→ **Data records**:
- - -

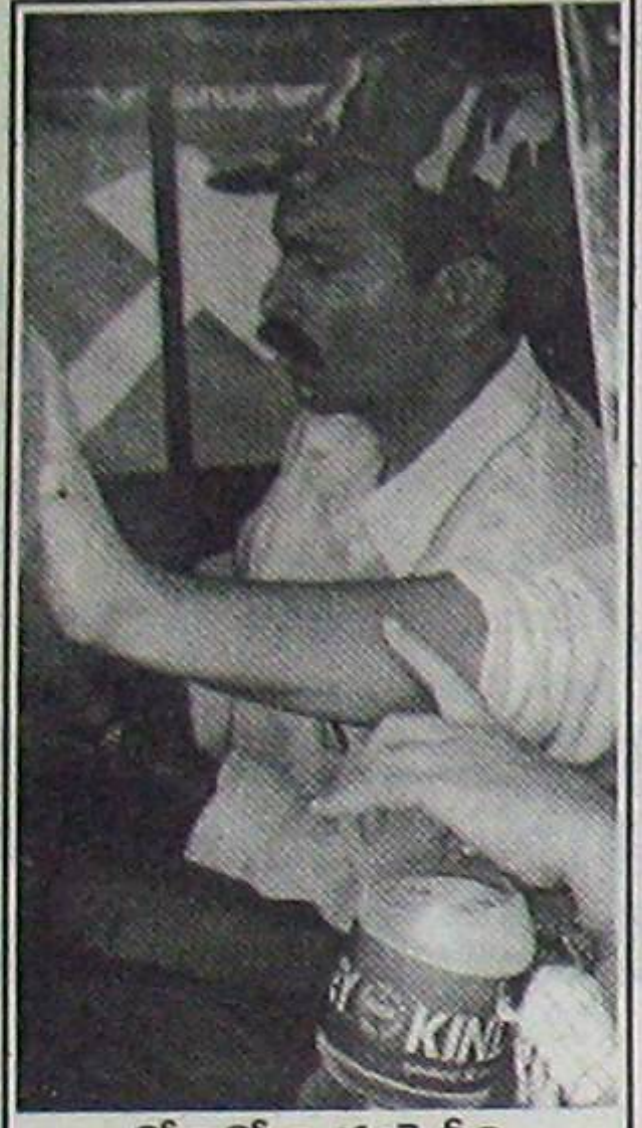
కోకాకోలా కంపెనీని నిషేధించాలని ఉద్యమం చేసే అన్నలు అదే కంపెనీ నీళ్లు తప్ప వేరేమీ త్రాగలేక పోవడం న్యాయమా?

మా అంతిమ లక్ష్యం ప్రాంతాల వారిగా రాజ్యాధికారం; అందుకు మారం సాయుధ పోరాటం; నూతన ప్రజాస్వామిక విప్లవ విజయంతో ఏర్పడే ప్రజా ప్రభుత్వ స్థాపన కోసం మేము కృషి చేస్తాము. ముందుగా పల్లెల్లో పట్టు సాధిస్తాము; ఆ తర్వాత పల్లెల మిడుగా
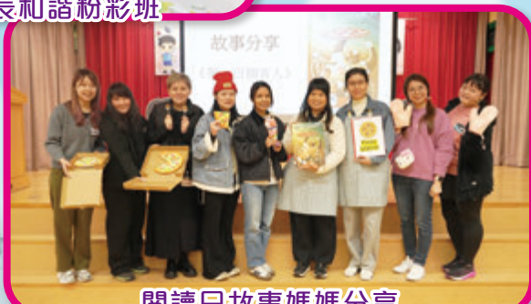
閱讀日故事媽媽分享
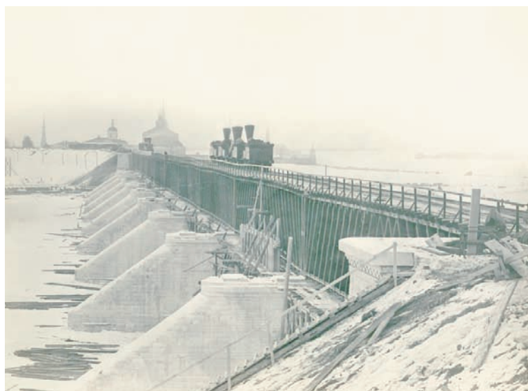
Первый поезд прошёл по Окскому мосту 19 февраля 1865 года.

временный мост, выполненный из дерева. На нём был уложен железнодорожный путь для переброски товарных вагонов с одного берега на другой. Правда, тянули вагончики лошади, ведь шаткие устои вряд ли бы выдержали вес паровоза. Осенью Струве приобретает в аренду более 10 десятин земли у крестьян села Боброва с правом «производить разные постройки, как заводские, так и фабричные» и сооружает на левом берегу Оки, у её слияния с Москвой-рекой, временные мастерские. Здесь то и начи-
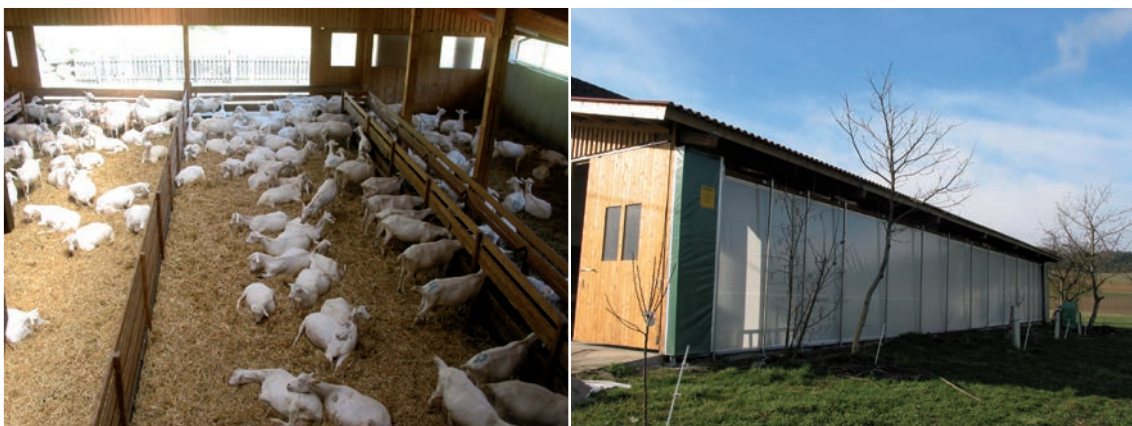
Abbildung 49a: Viel Licht und gute Belüftung sind wichtig.

Auslauf / Weide: ermöglicht Klimareize und Sonnenbaden, der Zugang zu schattigen Plätzen bei Hitze ist wichtig, ebenso eine Überdachung (Zugang zum Stall) bei Regen.
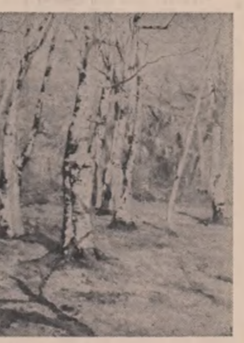
Ion Andreescu: "Pădure de fogi"
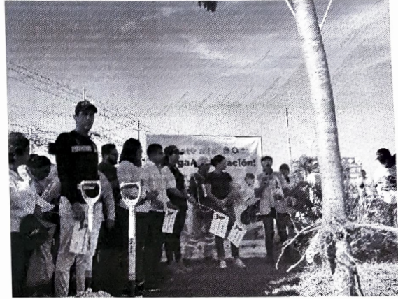
Municipio de Benito Juárez
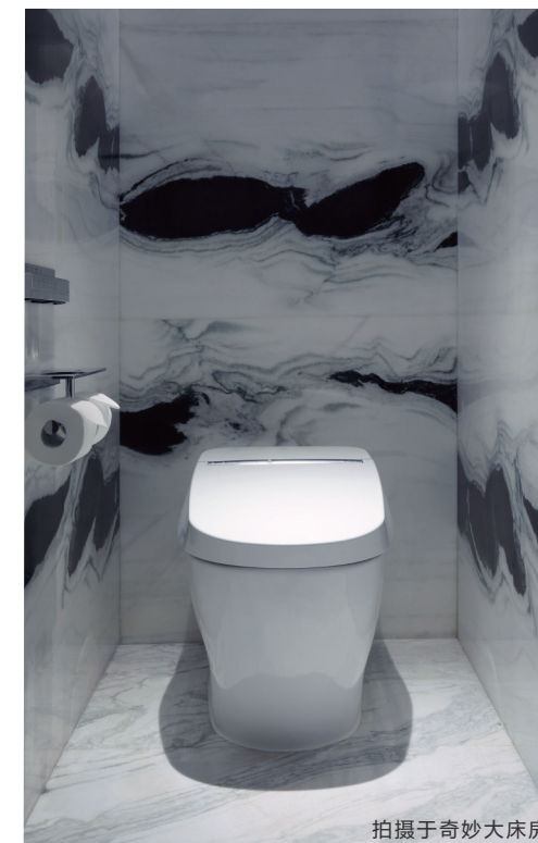
拍摄于奇妙大床房

- - -

→ **EXERCISE DIRECTIONS**:
Retype, exactly and only, the lines from the one containing "Abbildung 49a: Viel" through the end of the entries, both ends included, and omit all pictures.

→ **RESPONSE**:
Abbildung 49a: Viel Licht und gute Belüftung sind wichtig.

Auslauf / Weide: ermöglicht Klimareize und Sonnenbaden, der Zugang zu schattigen Plätzen bei Hitze ist wichtig, ebenso eine Überdachung (Zugang zum Stall) bei Regen.
Ion Andreescu: "Pădure de fogi"
Municipio de Benito Juárez
拍摄于奇妙大床房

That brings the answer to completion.